Meneer Riskilä komt van de intensive care, waar hij ruim een week heeft gebivakkeerd met een buisje in zijn keel. Mechanische ventilatie heet dat, intensivisten zijn nu eenmaal dol op technische terminologie. Mij doet die benaming denken aan een bovenraampje dat wordt opengezet, een raampje om de ziel wat lucht te geven terwijl hij slaapt.
Het gaat gelukkig stukken beter met hem, maar hij is nog steeds verward. Als ik meneer Riskilä vraag waar hij is, antwoordt hij dat hij zich in Stockholm bevindt, hij staat op het punt om met de boot te vertrekken. Dat is het cruiseschip naar Turku, de stad waar we volgens mijn gegevens in werkelijkheid zijn. Dat betekent dat hij in elk geval de goede kant op gaat, en ik maak daaruit op dat het ook met hem de goede kant op gaat, in wanen zit meer wijsheid dan we bevroeden.
Mijnheer Riskilä is wantrouwig jegens de verpleegkundige, al twee dagen weigert hij de pillen die ze hem aanbiedt. Gisteren sloeg hij zelfs van zich af toen ze hem met een vruchtensapje wilde vergiftigen. Hij mompelt dat hij de kapitein is, en dat hij zelf wel uitmaakt wat hij eet. Hij kijkt me aan alsof ik wel begrijp wat hij bedoelt.
‘Laat mij het maar eens proberen,’ fluister ik de verpleegkundige toe. ‘Mannen onder elkaar, dat gaat beter. Hij beweert toch dat hij kapitein is? Een echte vent slaat niet af wat een kameraad hem aanbiedt.’
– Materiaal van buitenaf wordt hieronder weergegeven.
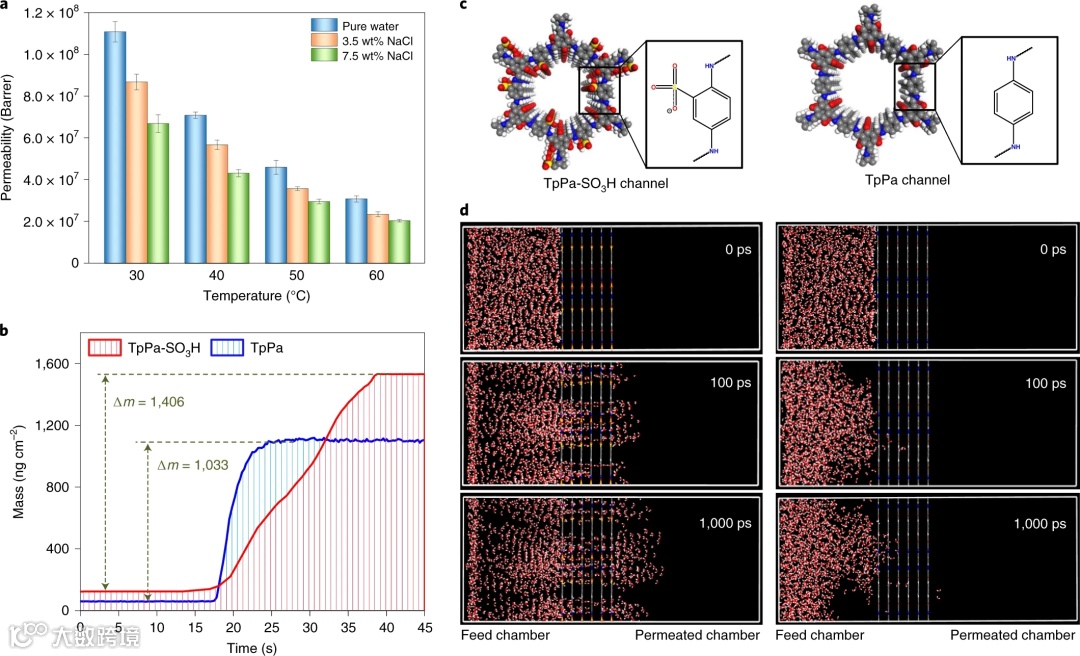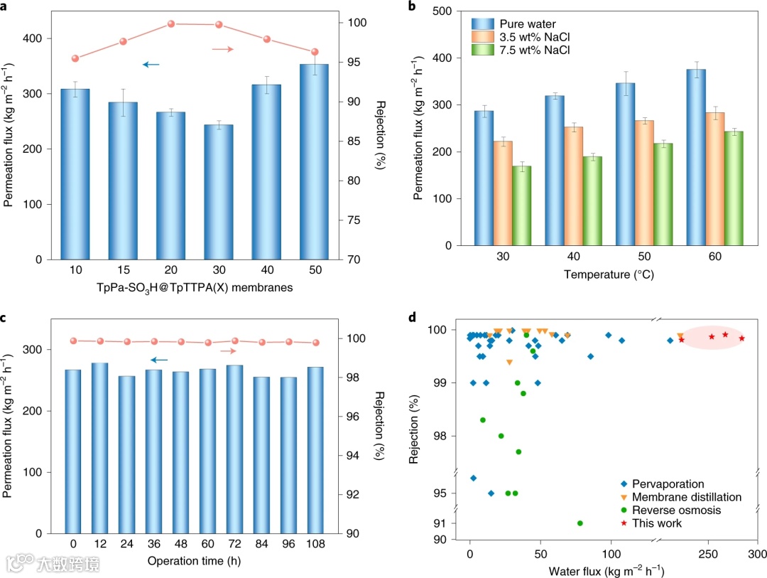 (2)制备的COF膜用于渗透蒸发脱盐,水通量可达267 kg m-2 h-1,约为传统高分子膜4-10倍,脱盐率达99.9%。

En warempel, de pillen gaan erin alsof het borrelnootjes zijn. Er is niets zo bevredigend als het vertrouwen winnen van iemand die verward is, vaak lukt het ook mij niet ook al doe ik nog zo mijn best. Soms moet je voor de veiligheid van de patiënt middelen toepassen waar je als zorgverlener voor terugschrikt: een injectie die willoos maakt, of fysieke dwangmiddelen die met allerlei eufemismen worden aangeduid.
Ik ben meneer Riskilä dankbaar, want dit soort kleine wonderen maakt het artsenvak tot een van de mooiste die er bestaan. Voor even leef ik in zijn waanwereld, voor even zijn we twee kapiteins onder elkaar, de afdeling is mijn schip.